Основатель и ректор архитектурной школы МАРШ, архитектор Евгений Асс считает, что выбор героев для увековечения не должен происходить лишь по официальной разнарядке, а главный и абсолютно народный монумент в Москве — стена Цоя на Арбате.
История любого памятника начинается с выбора фигуры, которую предлагается увековечить. Почему Примаков, а не Громыко? Если речь идет об иностранных делах, почему не царские министры, и в чем вообще заключается высший смысл этого увековечивания? Ведь можно было бы поставить памятники практически всем умершим — и это было бы сильным жестом. В селекции, которая происходит, есть важный политический подтекст. За последнее время среди героев, увековеченных в столице, мы получили конструктора автоматического оружия Калашникова и князя Владимира, который никогда не бывал в Москве, а теперь некоего деятеля внешней политики, который, наверное, сыграл какую-то роль, но не могу сказать, что эта фигура столь же значимая, как, предположим, Гайдар. В столице памятник Ельцину есть только на Новодевичьем кладбище — и то не в качестве символического, метафорического изображения, а как надгробье.
При этом огромное количество генералов, маршалов и политических деятелей, похороненных у Кремлевской стены, не то что недостойны увековечивания, а, скорее, должны быть преданы народному суду, но тем не менее они стоят. В этом смысле это каждый раз какой-то политический выбор, и от него многое зависит.
Таким образом, первая проблема — это проблема выбора. Кто его делает, является ли этот выбор народным, а если нет — кто обладает этими полномочиями и контролирует этот институт. Поэтому народное беспокойство, с которым встречают появление памятника, связано с недоверием к самому факту: почему Калашников, почему князь Владимир, почему Примаков?

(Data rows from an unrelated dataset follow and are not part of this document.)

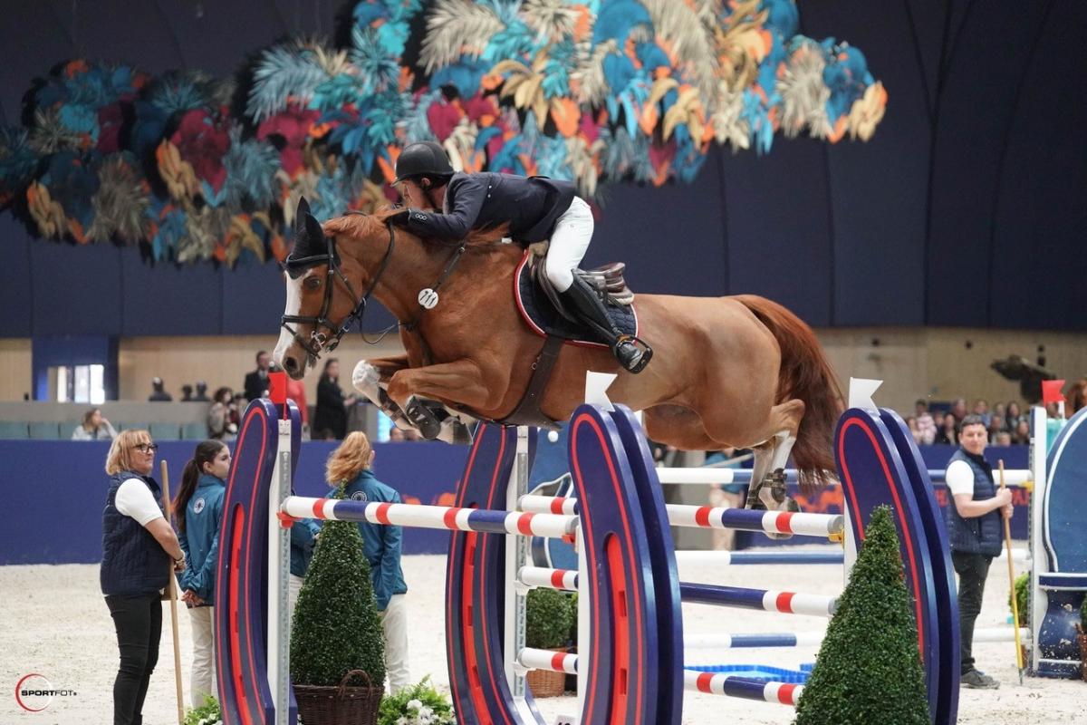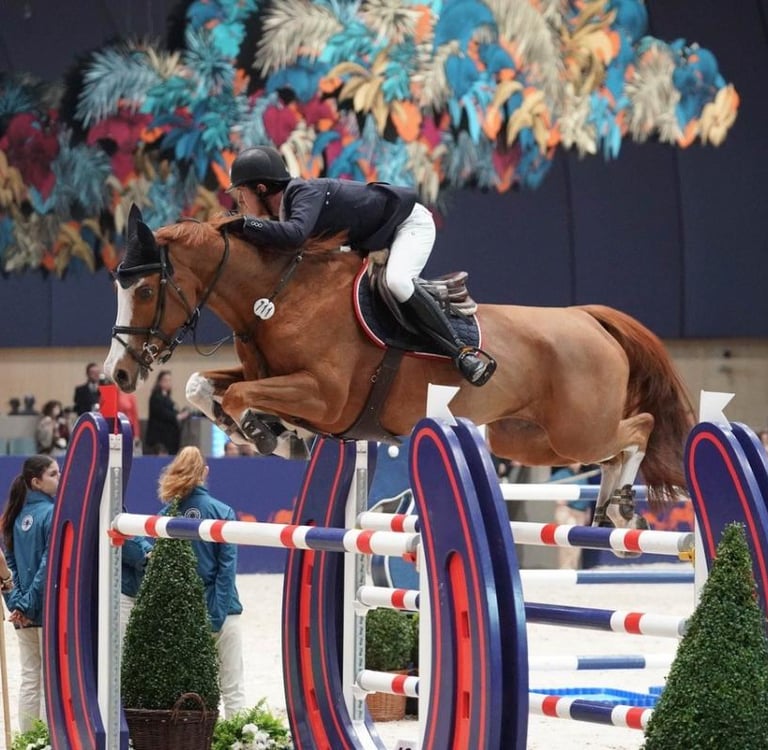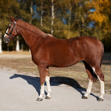 Americana is a top-class sport horse who competed up to 1.60m with riders such as Nano Healy (IRE), Jennifer Pedersen (DEN), and Harm Lahde (GER). She’s known for her excellent jumping technique, elastic canter, and striking looks—a chestnut mare with bold white markings and a signature white dot on her belly. Her sire, Aganix du Seigneur, is a proven 1.60m performer and world-renowned sire, producing numerous elite-level offspring.
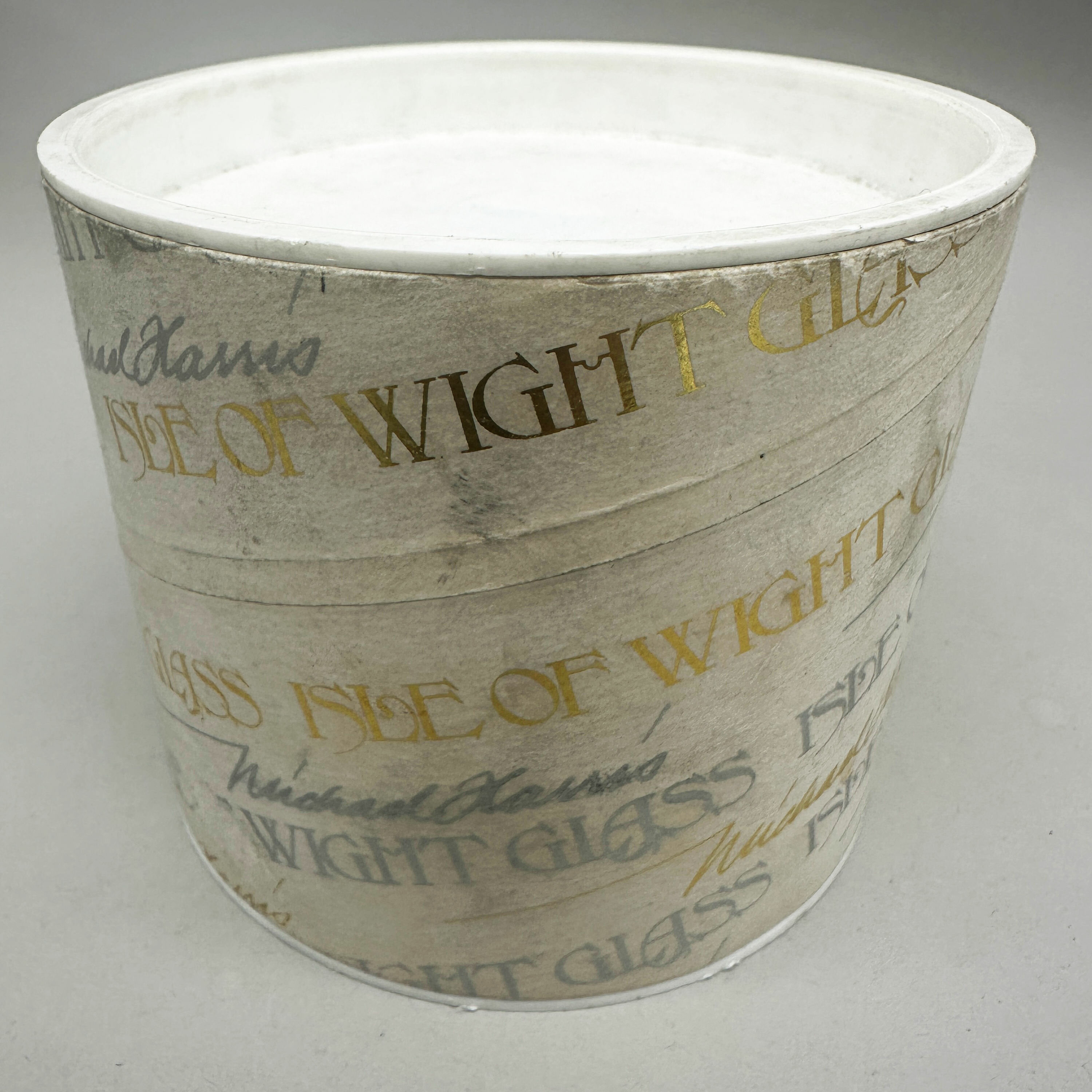 The pieces made by Isle of Wight Glass are a continuation of the innovative designs and skiful craftsmanship seen in Mdina pieces and this bottle is a fine example of their work. It also comes with a matching box but this may not be the original one (other examples are taller) since the stopper has to be loose packed separately. This hardly detracts, though, from a striking and individual piece in an attractive and rarely found colour wave.
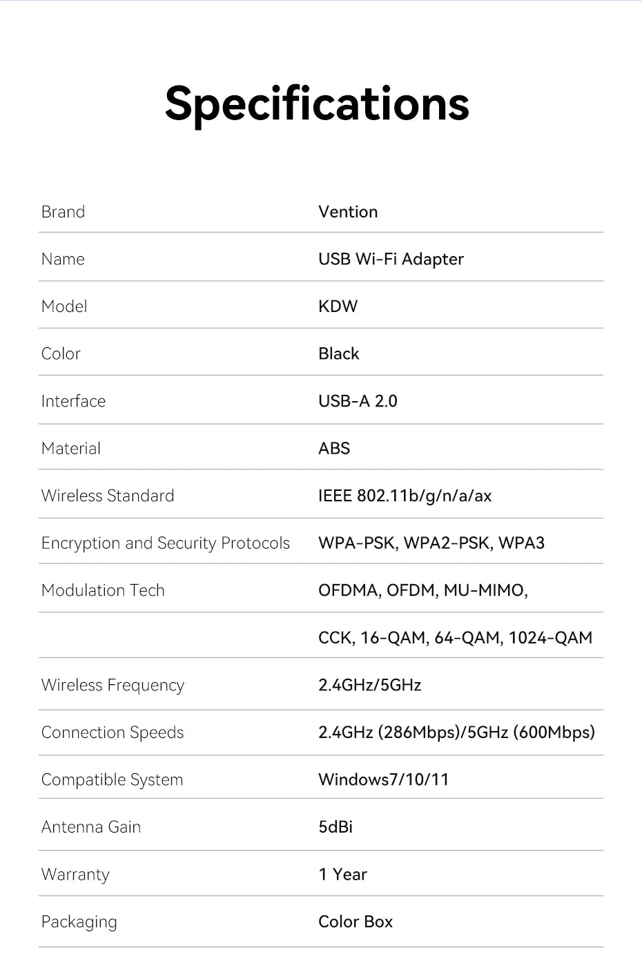 Vention New USB WiFi 6 Adapter 5G/2.4G 600Mbps Wireless WiFi Receiver Antenna Network Card Dongle LAN for Laptop PC Win 10/11
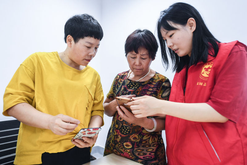 6月4日,在杭州市临安区锦城街道胜利社区,青年社工指导老人们用手机购物 徐昱/摄
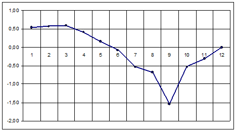 убывающей [1;9) и возрастающей (9;12] тенденции временного ряда.
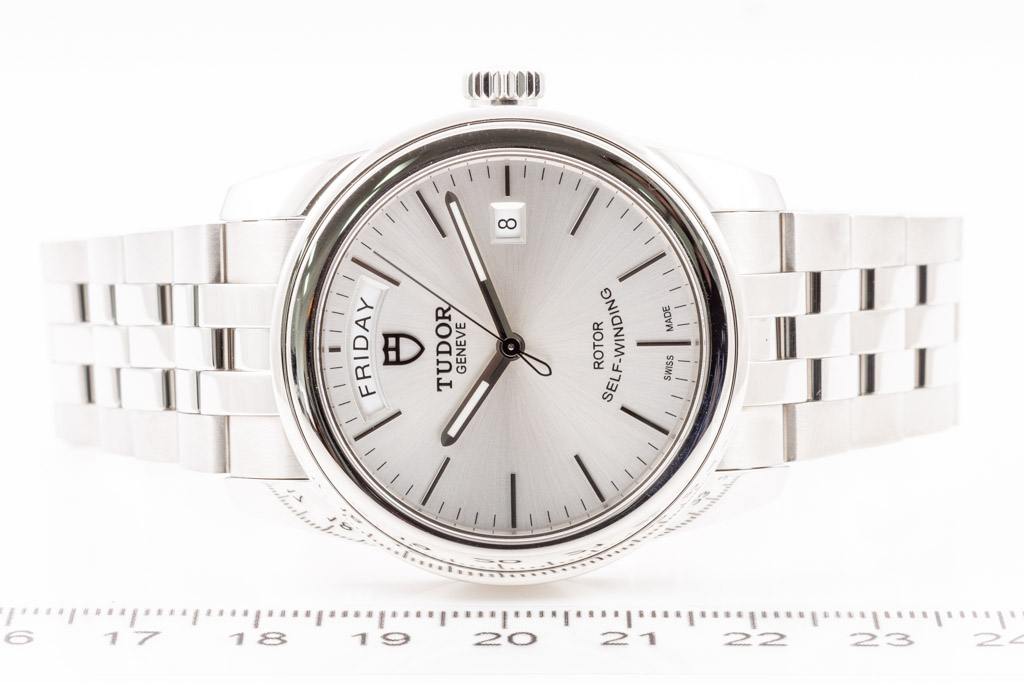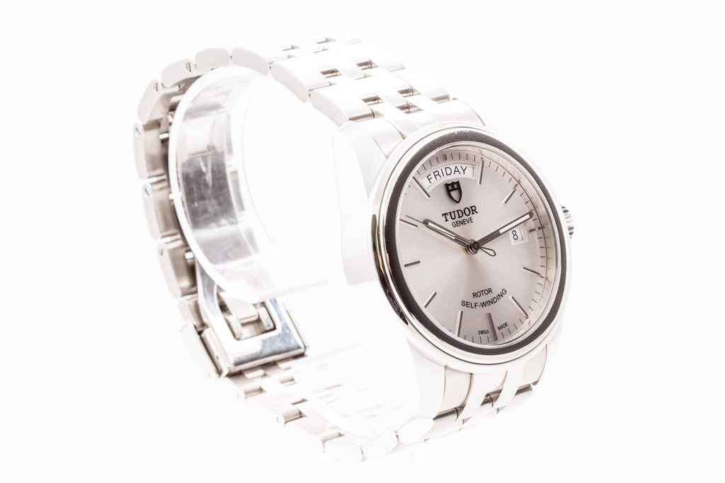 Tudor Glamour Day-Date stainless steel automatic mens watch. Silver dial, day & date, case diameter: 39mm, wrist size: 19cm, Swiss made. Ref# 56000. With Tudor stainless steel bracelet and clasp. With Certificate of Authenticity, Tudor International Guarantee Card dated 29/09/2022, Tudor Guarantee Booklet and Tudor box. Balance of 5 year Tudor Warranty. (Pre-owned)
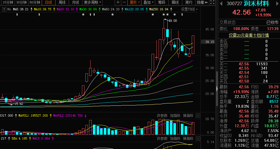 个股方面,郑州煤电继续涨停,彩虹股份晋级4连板,周五4连板的龙洲股份则倒T跌停,润禾材料午后上板成为创业板唯一涨停股,国盛金控、厦门银行、小康股份尾盘均炸板回落,今天炸板率超过50%。
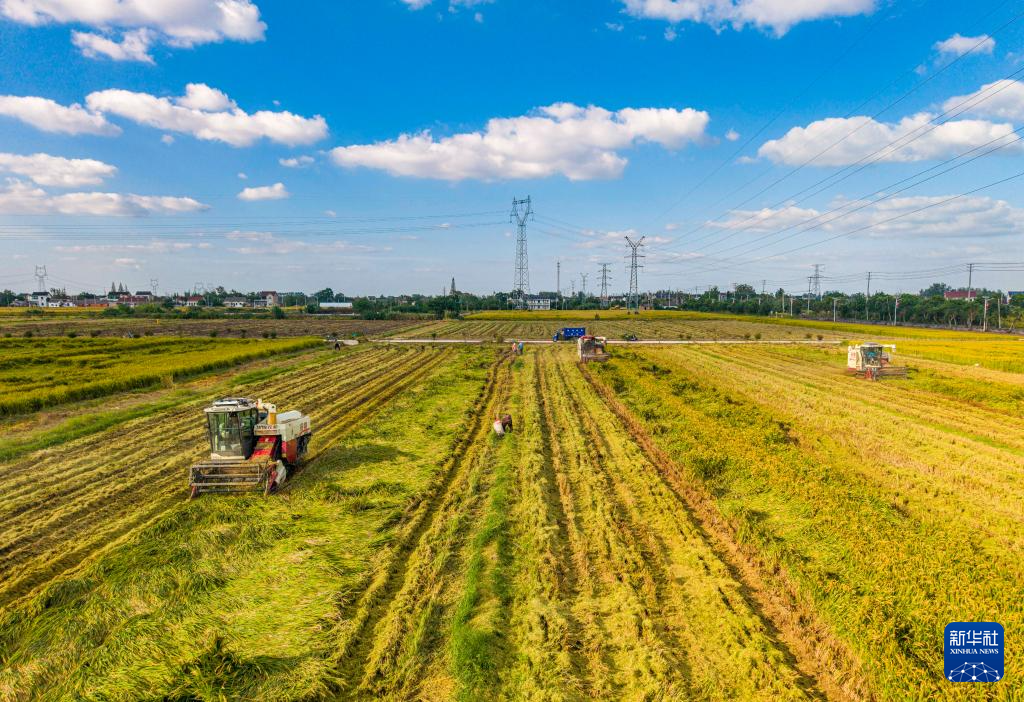 10月22日,在浙江省嘉兴市南湖区凤桥镇星火村,农机手驾驶收割机收割水稻。
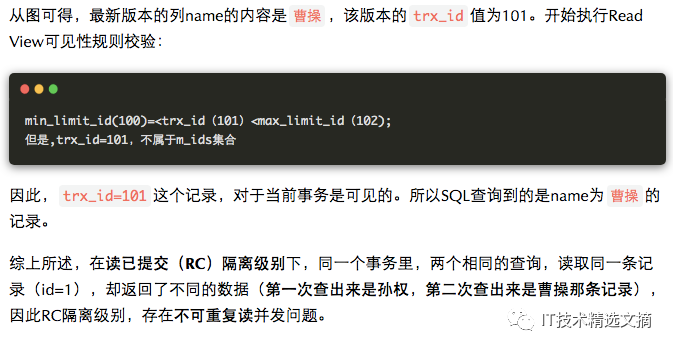Read View+ Undo Log读已提交(RC)隔离级别,存在不可重复读问题的分析历程

Мы ничего не слышали ни о каких общественных обсуждениях этого памятника, хотя само место, на котором он установлен, давно ждало своего часа. Я помню, что еще в пятидесятые годы мой отец участвовал в конкурсе на важный монумент трехсотлетия воссоединения Украины с Россией: дальше мост ведет к Киевскому вокзалу, и памятник мог символизировать начало нашей вечной (но несостоявшейся на данный момент) дружбы. Памятник так и не установили.
Второй и третий вопрос — это градостроительное решение и художественное решение. Есть много памятников вообще непонятно кому, но они очень милые и вполне уместные в конкретной городской среде. В Светлогорске я жил в гостинице, рядом с которой был старый немецкий памятник какому-то бородатому дядьке, а после того, как советские войска заняли Светлогорск, решили, что это будет доктор Павлов — так он и остался памятником академику Павлову. Я, помню, и сам предлагал, когда снимали памятник Дзержинскому, что достаточно под Дзержинским написать «Чернышевский» и оставить его на месте. Никто не помнит, как выглядит Дзержинский и чем он отличается от Чернышевского. А с точки зрения архитектурного решения Дзержинский стоял очень хорошо — крепкая доминанта, ренессансного уровня.
Но все-таки в «памятниковой политике» очень важны механизмы памяти — что для нас значат те или иные знаки и насколько они для нас важны. По сравнению с тем, что было в досоветское время, эти механизмы очень деформировались и даже приобрели другой смысл. Монументальная пропаганда, которую в свое время затеял Ленин, очень сильно повлияла на всю практику «памятникостроительства» и в СССР, и теперь в постсоветской России. Эта практика сильно политизирована и методологизирована, совсем не так, как в других странах.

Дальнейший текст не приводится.